I like to give talks on a wide variety of subjects. If you'd like me to give a talk at your event, meetup, roast, or funeral, please get in touch!
Here are some talks I have given:
Data Science: A Vision of Things to Come
In which I try to predict the future of data science. This was a keynote at the 2020 Southern Data Science Conference. [slides]
Managing Junior Data Scientists in the Time of Coronavirus
I am trying to branch out and give talks that are less purely technical. (They're easier to write.) This one was at IBM Learn AI 2020. [slides]
Reproducibility as a Vehicle for Engineering Best Practices
Invited talk at the ICLR 2019 Workshop on "Reproducibility in ML". [slides]
Modern NLP for Pre-Modern Practioners
This was the opening keynote for QCon.ai 2019. It's a whirlwind tour of all the new hotness in NLP. [slides]

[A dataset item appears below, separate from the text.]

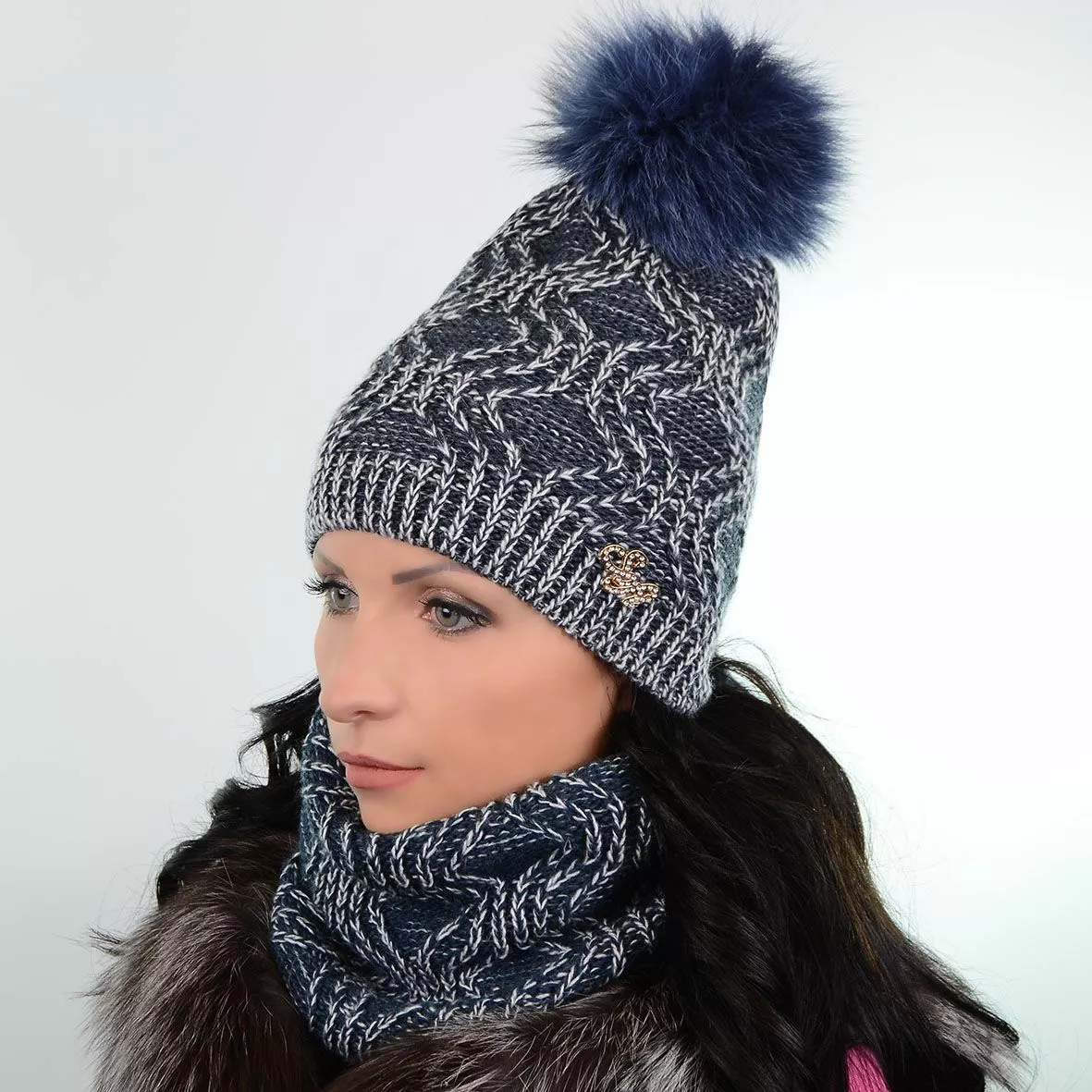 верхней одежде. В набор входят вязаная шапка с меховым

If Not Notebooks, Then What?
Invited talk at the AAAI 2019 "Workshop on Reproducible AI". [slides]
Writing Code for NLP Research
A tutorial at EMNLP 2019 that I gave along with two of my teammates. Due to a baggage-handlers strike at Brussels Airport (really!) it wasn't recorded. [slides]
Fizz Buzz in Tensorflow
I've given this talk several times: at WrangleConf 2016, at PyData Chicago 2016, and at ODSC West 2016. The ODSC version was the best, but I don't think there's a video of it. Here are the slides though.
How Becoming Not a Data Scientist Made Me a Better Data Scientist
Thoughts on why data scientists should care about software engineering best practices, from the 2018 Southern Data Science Conference. [slides]
I Don't Like Notebooks
From JupyterCon 2018 (really!). This talk is possibly what I'm most famous for. If you like memes this is the talk for you. [slides]
Fun with Trump Tweets
I gave this talk at the Twitter Developers Seattle meetup in late 2016, about two fun projects I did with Trump-related tweets. There's definitely not a video of this, but you can look at the slides.

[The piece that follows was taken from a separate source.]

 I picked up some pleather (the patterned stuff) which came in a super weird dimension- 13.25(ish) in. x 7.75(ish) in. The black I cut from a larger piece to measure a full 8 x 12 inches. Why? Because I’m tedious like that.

The Joy of [Python 3.5-style] Type Hints
I pitched this to PyCon 2017, but it got rejected. So instead I used it as a last-minute fill in at a PyLadies Seattle meetup in January 2017. No video, but here are the slides.

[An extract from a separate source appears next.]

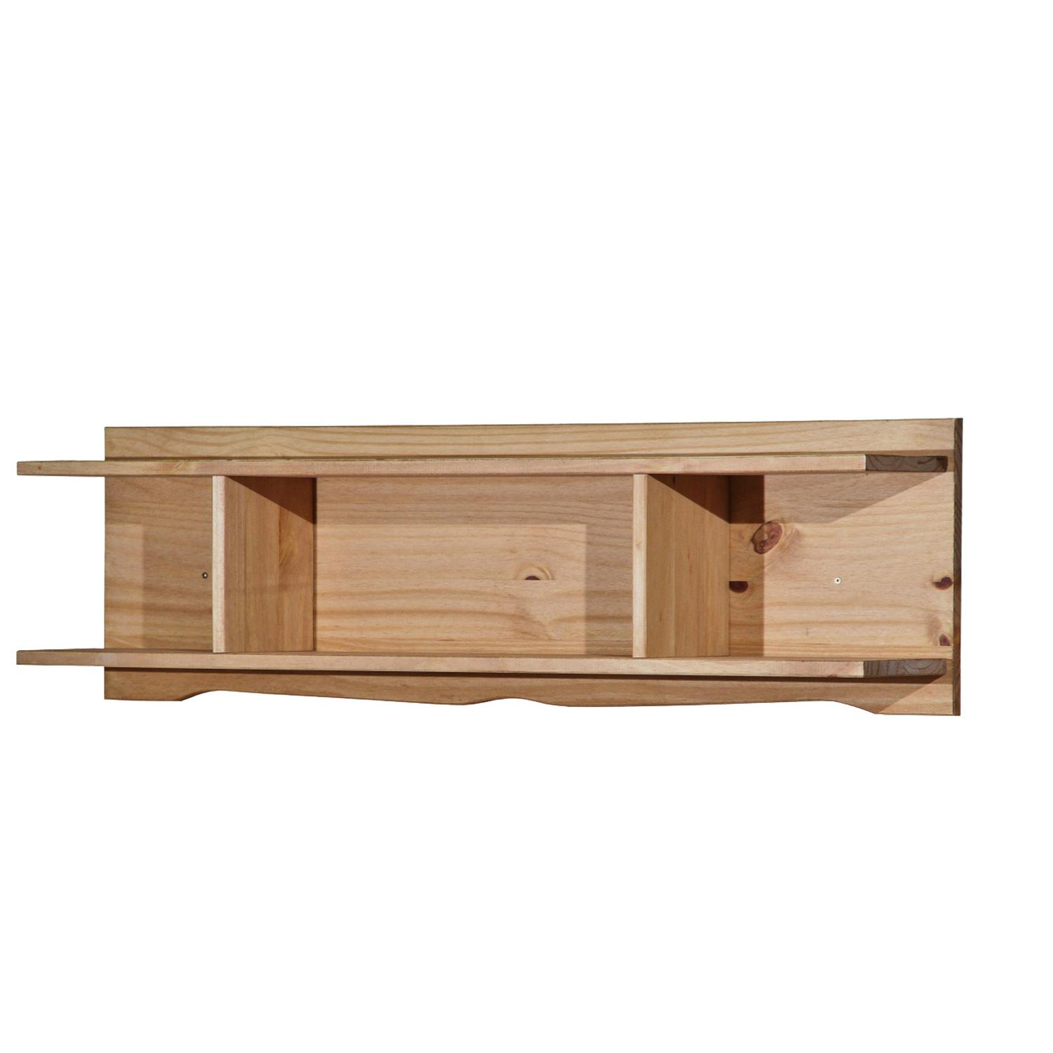 materiál masív borovica voskovaná v medovom odtieni priestor delený v pomere 2:1 širšia časť šatníková tyč a polica, užšia časť 3 police v spodnej čas...

How to Teach (and Learn) Data Science
I have given variations on this talk many times: at the Seattle DAML Meetup, at the CareerBuilder data science summit, and at Data Day Texas 2016. I don't think there's a video of it, but the slides are out there.
Learning Data Science Using Functional Python (aka Stupid Itertools Tricks)
This was originally supposed to be a variation on the previous talk, but it got away from me and turned into a crazy digression on lazy infinite sequences in Python. This is a pretty fun talk.
Image Posterization Using k-means Clustering (Workshop)
This was a hands-on workshop I ran for the Seattle PyLadies, wherein we implemented k-means clustering from scratch and used it to "posterize" images.
T-Shirts, Feminism, Parenting, and Data Science
A lightning talk for the "Seattle Data, Analytics, and Machine Learning" meetup. There's no video of it, but I wrote up a two part blog post (part 1 part 2)
F# for Startups
I gave the first version of this talk at the ".NET Startup" meetup group, then an improved version at the "Seattle F#" meetup group (slides)
Secrets of Fire Truck Society
What can we learn about the lives of fire trucks by studying their social networks? Given at the Ignite at Strata 2013.
I finally found the video of it, the reason I never could is because the description says the speaker is "Mick Thompson", but it's definitely me.